Importers of textiles and apparel urged Congress and the Obama administration to avoid unilateral actions that could upset trade with China, saying a "collaborative" approach would be more productive. Julia K. Hughes, president of the U.S. Association of Importers of Textiles and Apparel, said threats of unilateral action risk escalating problems when the United States needs to be focused on fixing them. She added: "The Administration, along with the leadership of other trading partners, should be working hand in hand with China to expand consumer demand there and further open that market as a primary strategy for reducing both the bilateral and global trade deficit China."
Hughes contends that an increase in the value of China's currency is not going to solve the U.S. trade deficit, pointing out that supply chains are global, and imports from other countries would fill any void.The National Retail Federation (NRF), whose members are the largest importers of textiles and apparel, filed a statement with the committee calling for "prudence and thoughtfulness" in dealing with China trade issues.
The NRF acknowledged that there are "serious and legitimate issues with China" including inadequate protection of intellectual property rights, proliferating market access barriers, the need for a monetary system that allows for more flexible exchange rates and a fully convertible currency; and ensuring that China abides by its obligations under international trade rules. The retailers recommend using diplomatic means and the use of multilateral mechanisms to address those problems, and they say Congress should not support what they call "unilateral and unproductive and WTO illegal restrictions on imports of Chinese goods."

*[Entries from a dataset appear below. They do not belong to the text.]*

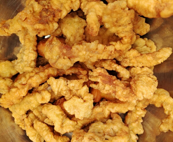 6:再将油温升至7成,下入酥肉复炸20-30秒,马上捞出,撒上一丢丢椒盐,即可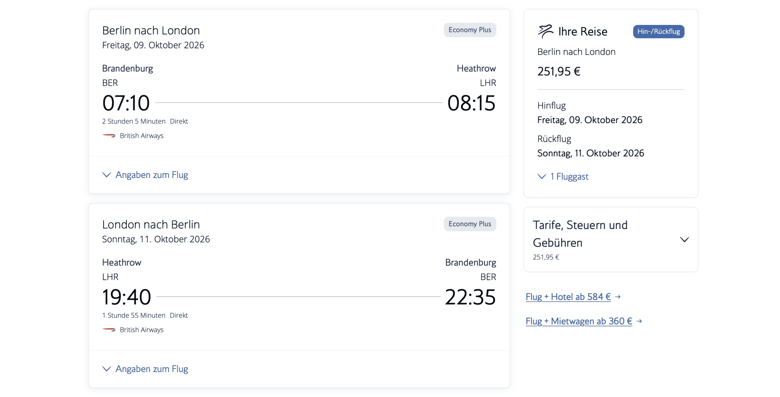 Bucht man obigen British-Airways-Flug auf konventionellem Weg, findet man folgende Konditionen vor: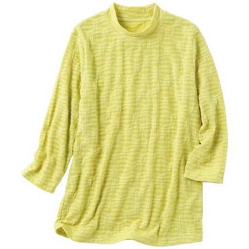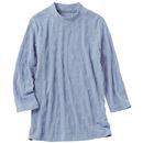 プチハイネック&7分袖が 気になるところをカバー!透かし編みと立体的なジャカード柄で、1枚で着映えするプルオーバー。ーデザインープチハイネックと7分袖ですっきり感がアップ。ー素材特性ー接触冷感性を備えた素材でサラリと爽やかな着心地。ヨコストレッチで動きやすく、着脱しやすい。【吸水速乾】【接触冷感】

When the hearing was announced, the National Council of Textile Organizations (NCTO) issued a news release applauding Rep. Levin for conducting the hearing and citing what it sees as major problems with Chinese currency manipulation. NCTO President Cass Johnson said: "China's currency policy does nothing more than flood markets of countries like the United States with artificially cheap imports, creating dangerous trade deficits, surging overseas debt, massive job losses and continuing erosion of the manufacturing base." Johnson said his organization strongly supports the Currency Exchange Rate Oversight Act of 2010.
A coalition of U.S. fiber and textile manufacturers is planning to file written testimony prior to the April 7 deadline for submitting comments.